I’d never been to Aberdeen before. Aub and Jean’s daughter and family have a lovely horse farm near Stonehaven, a very picturesque fishing village near Aberdeen. I was warmly welcomed, given sweaters, thick socks and boots (though there was now snow on the ground where we were) and lots of tea.
I absolutely did the right thing leaving Kenya and flying blindly to Scotland to be with Jean. She needed family-but-not-real-family to listen to her and be there for her. We told remember-when story after remember-when story, laughed and drank tea for a while, then whiskey for a while. I spent the night with a good friend of Viv’s who showed me the most wonderful hospitality.
Aubrey’s funeral was at the local crematorium, and I must say I’ve never been to a funeral at a crematorium, so yet another new experience. I sat behind Jean and tied to stifle my sobs, since I was the only one in a puddle during the service. But when they pulled the little curtain around the casket to – I assume – cremate the body, well. Very hard, especially as the organist was playing “Amazing Grace.”
After the service, we all went to the St. Leonard’s Hotel in Stonehaven for drinks ('natch) and a great meal. I walked in, smelled the fish and saw the plaid carpet and knew without a doubt I was in Scotland. Lots of good talk, then back to the house for more tea and to unwind a bit before I had to hop back to London in order to catch this morning’s flight to New York.

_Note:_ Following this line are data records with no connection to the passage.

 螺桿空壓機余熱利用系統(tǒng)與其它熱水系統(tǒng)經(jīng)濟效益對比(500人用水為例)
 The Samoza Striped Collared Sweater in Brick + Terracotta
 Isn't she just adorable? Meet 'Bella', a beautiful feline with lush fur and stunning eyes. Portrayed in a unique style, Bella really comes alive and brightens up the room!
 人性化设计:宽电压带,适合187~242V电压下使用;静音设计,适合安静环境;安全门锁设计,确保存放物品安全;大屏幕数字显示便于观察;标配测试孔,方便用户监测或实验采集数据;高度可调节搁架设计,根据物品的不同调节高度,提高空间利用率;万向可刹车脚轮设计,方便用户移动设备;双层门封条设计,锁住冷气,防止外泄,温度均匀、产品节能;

What a strange trip it’s been. Africa to Aberdeen, in one fell swoop. But tonight –my own bed.
5 comments:
I'm so sorry to hear about Aubrey but glad to know you made it to Scotland safely. I'm sure your being there was a great comfort to Jean. God bless you, Mary, and your adopted family too.

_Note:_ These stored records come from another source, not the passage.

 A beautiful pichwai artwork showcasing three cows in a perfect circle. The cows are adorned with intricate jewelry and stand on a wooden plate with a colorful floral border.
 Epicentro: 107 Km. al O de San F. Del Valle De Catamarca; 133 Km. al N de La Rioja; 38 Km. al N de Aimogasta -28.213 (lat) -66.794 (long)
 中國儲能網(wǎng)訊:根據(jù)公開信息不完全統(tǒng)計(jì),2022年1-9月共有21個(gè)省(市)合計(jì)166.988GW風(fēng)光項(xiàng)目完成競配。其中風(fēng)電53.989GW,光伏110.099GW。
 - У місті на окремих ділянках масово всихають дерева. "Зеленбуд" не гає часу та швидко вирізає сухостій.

You are a good soul, MaryB. A good and brave soul. Glad it all worked out for you. So often those kinds of spur of the moment changes do not. And glad to have you back on native soil.
Aw, thanks, friends. I don't know how courageous or brave I am, Tamar and Winston. I really just went at it blindly and all worked out OK (as is often doesn't). And Elsie, I think I did make a difference for Jean by being there. I would have always regretted it if I hadn't pulled it off.
Glad to be home!
Mary,
So sorry to hear the bad news about Aubrey.

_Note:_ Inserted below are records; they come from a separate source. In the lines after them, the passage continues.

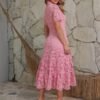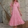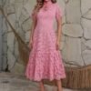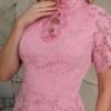 - Confeccionado em renda floral em veludo, modelo midi com mangas curtas, gola alta com recorte vazado e saia com camadas suaves que garantem movimento elegante;
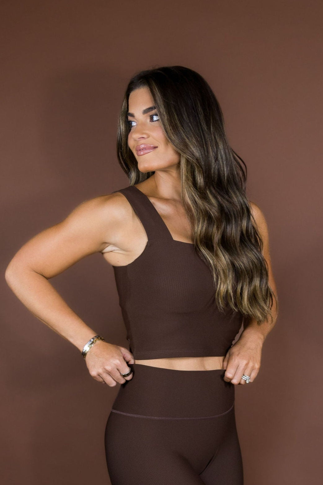 From cardio bursts to strength days, this tank is made to power through it all. The square neckline is very flattering while the built-in bra with sewn-in pads gives you the support you need—without the shifting, bunching, or digging. The length is cropped and it is crafted from a ribbed fabric.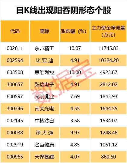 【東方精工(002611)、股吧】等股出現(xiàn)陽吞陰形態(tài)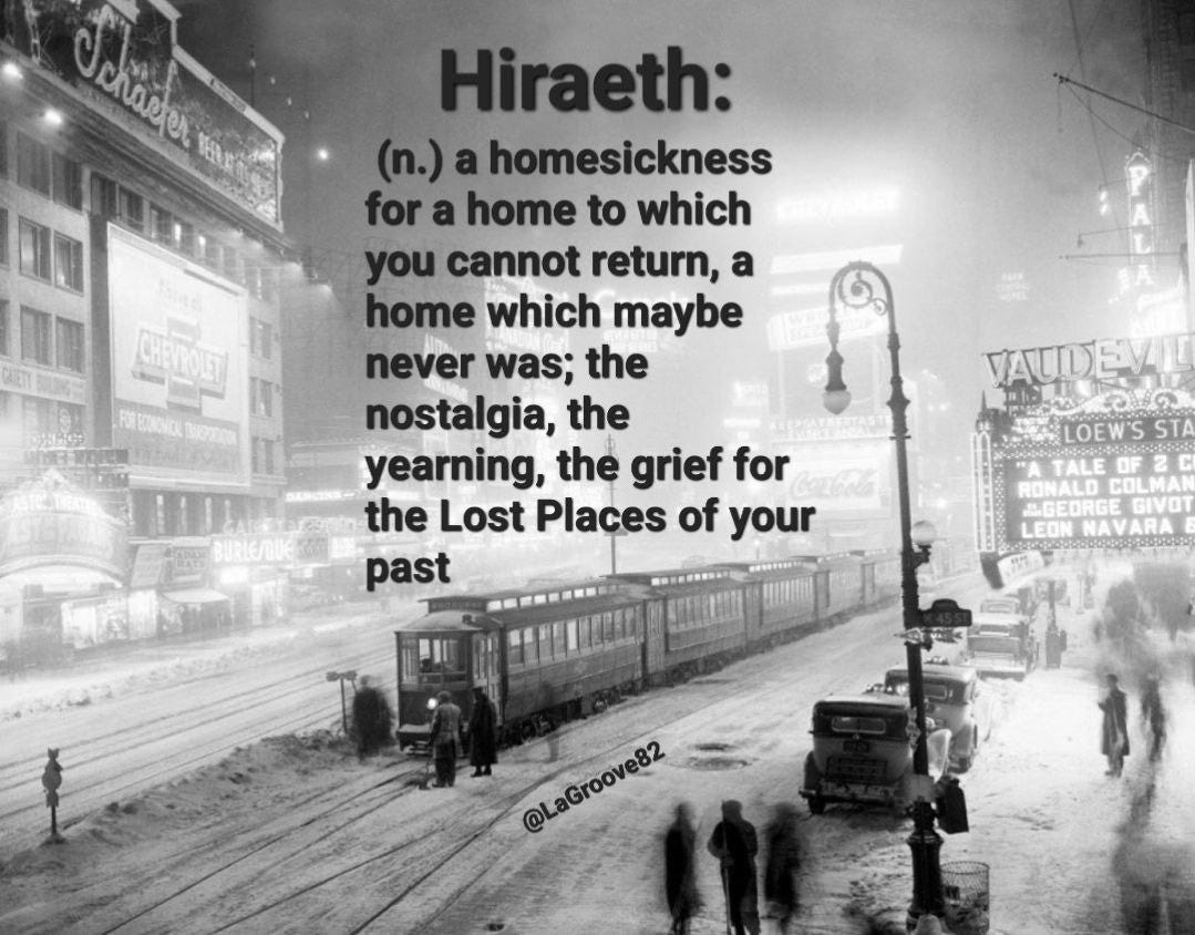 MEME DROP #62: Hiraeth: A Homesickness For A Home To Which You Cannot Return, A Home Which Maybe Never Was; The Nostalgia, The Yearning, The Grief For The Lost Places Of Your Past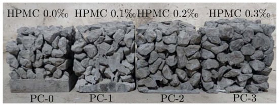The effect of the HPMC dosage on the molding form of porous concrete is shown in Figure 4. Compared with group 0.0‰, the deposition phenomenon caused by gravity can be reduced by HPMC added. The HPMC could enhance the viscosity of mortar in the previous results, which means the packing property of the cement grout was also improved in the same w/c and m/a conditions.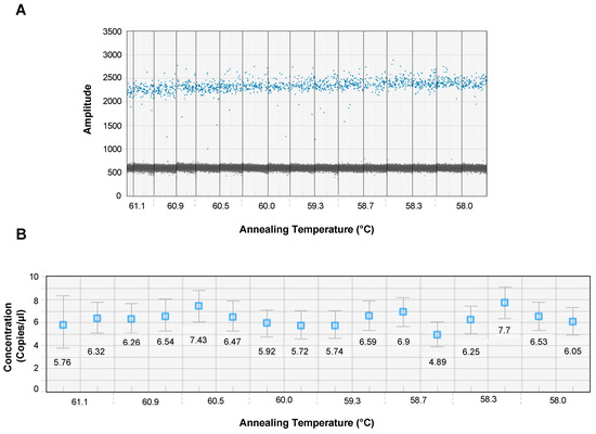 An optimal annealing temperature is critical to clearly separate the negative from the positive droplets and avoid nonspecific annealing. To determine the optimal annealing temperature for EV-D68-specific primers/probe, we determined the optimal annealing temperature at a 1:4 dilution of primer/probe mix using an annealing temperature gradient at temperatures of 58.0, 58.3, 58.7, 59.3 60.0, 60.5, 60.9, and 61.1 °C using the C1000 thermal cycler. Our results showed that the fluorescent amplitude, droplet dispersion, and separation between positive and negative droplets (Figure 2A) and across different concentrations (Figure 2B) were readily detectable at an annealing temperature of 60 °C, which aligned with the annealing temperature optimized for the qRT-PCR assay.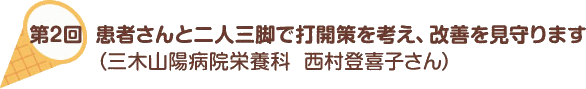 第2回目は、神戸の病院で糖尿病患者さんの食事指導に従事している西村登喜子さんに、間食の指導法についてうかがいました。病院勤務の管理栄養士として30年以上の経験で培われたコツをご伝授いただきます。

I remember how worried you were about him and Jean when you were visiting last year and found their house deserted... I'm glad you were able to get in touch with them in the meantime.
Thinking of you and your friends at this time.
Oh, Mary, I am sorry to hear about Aubrey. I remember your emotions when you feared you had lost touch with them. It was so good of you to make the detour and I'm sure your visit was much appreciated.
I'll look forward to more regular posts now you're back - if they don't keep you working too hard.